Хотя, несомненно, над созданием кошмарного чудовища не работала живая человеческая мысль, и только слепой случай придал ему облик живого существа, оно было полно немого красноречия, как сонное видение неоформленного бытия, окаменевшее на пороге жизни…

Когда люди вглядывались в это извлеченное из-под земли божественное идолище, ими овладевали трепет и тревога; казалось, будто черные глазницы могут видеть, широко раскрытый рот вещать, а руки метать молнии… Мох и остатки облупленной коры сливались на челе в грозные морщины; на щеках застыли складки иронического смеха… И колода, будучи немой, говорила понятным для человека языком…

Когда солнечные лучи и мелькавшие блики древесной листвы скользили по лицу бога, оно, казалось, двигалось, менялось, становилось то грозным, то жестоким, то насмешливым, то неумолимым… Иногда спокойным или спящим. Идол просыпался, жил, наливался кровью и бледнел… А при ночных огнях точно приходил в движение… Стоял он лицом к солнцу, угрожал и вызывал на бой…

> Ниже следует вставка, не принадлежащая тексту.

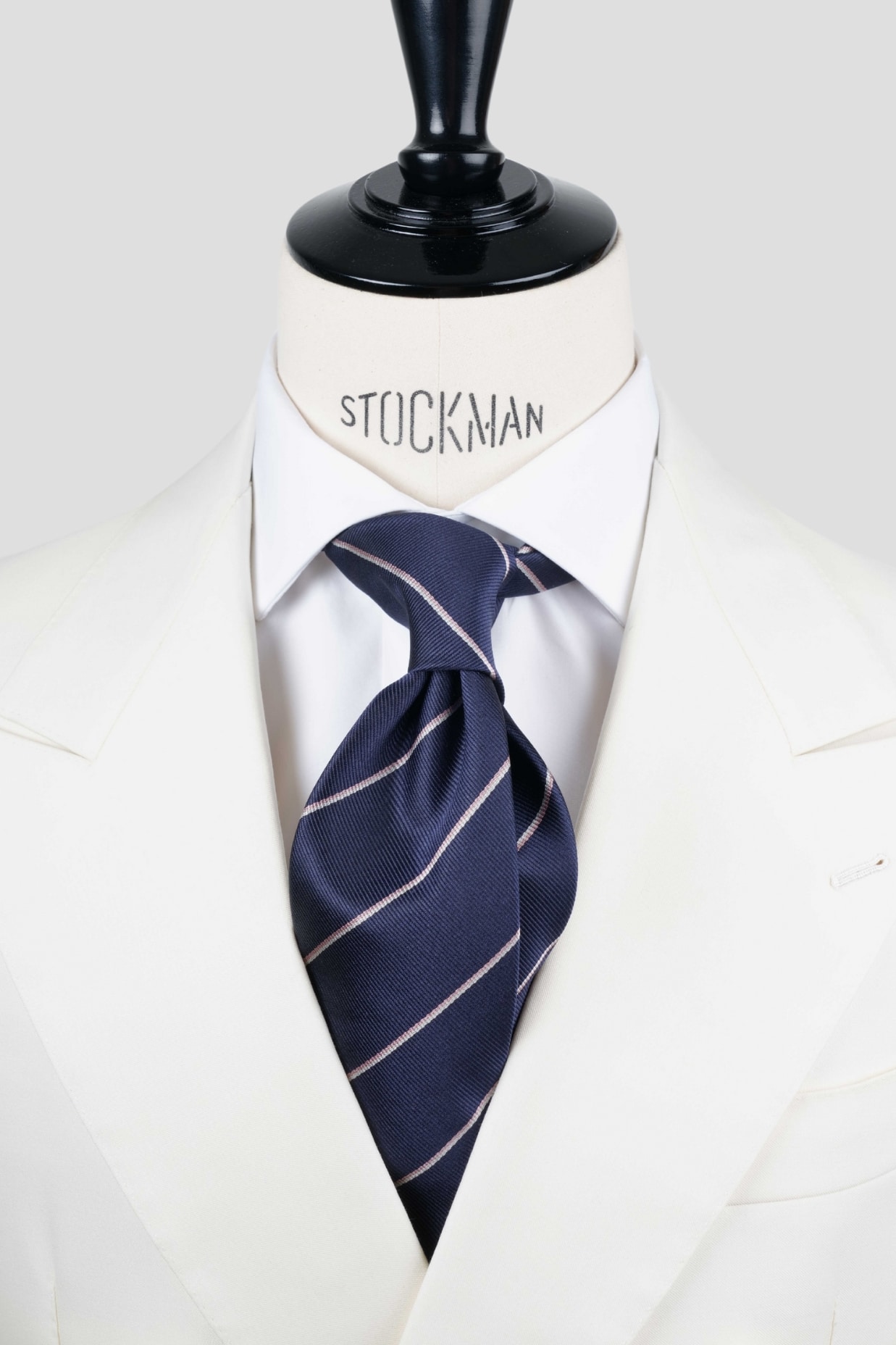Nous entoilons votre cravate bleu foncé sur toute sa longueur afin de lui assurer un excellent maintien.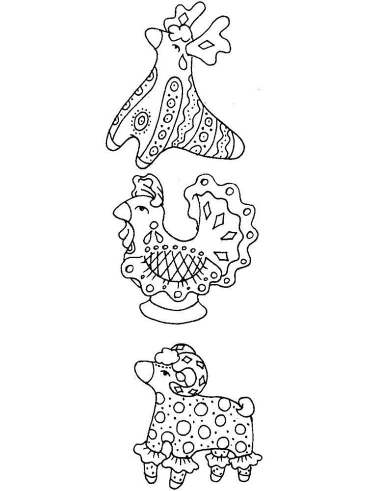 ![Раскраски Хохлома Гжель Дымковская игрушка]()

Дуб был святынею Перкуна, а колода — чудотворным изображением языческого бога. Вся окружающая местность называлась святым Ромовом, новообретенным источником чудес и предсказаний. Ручей, омывавший корни дуба, был святым, а всякое зелье, произраставшее на поляне, чудодейственным… Даже воздух, насыщенный запахом листвы, давал жизнь.

Перед дубом, над ручьем, было сложено из искусно обтесанных колод нечто вроде большого и высокого костра, суживавшегося к вершине и окруженного перилами. На них висело алое сукно, местами сорванное и потрепанное ветром. С тыльной стороны вела на помост лестница: ибо здесь, взобравшись на верхнюю площадку, верховный жрец Креве-Кревейто, или Эварто-Креве, показывался народу и убеждал его ревностно хранить веру в своих богов и отвергать чужую… Случалось это в особые, торжественные дни, о которых заблаговременно оповещалось население, толпами стекавшееся к дубу.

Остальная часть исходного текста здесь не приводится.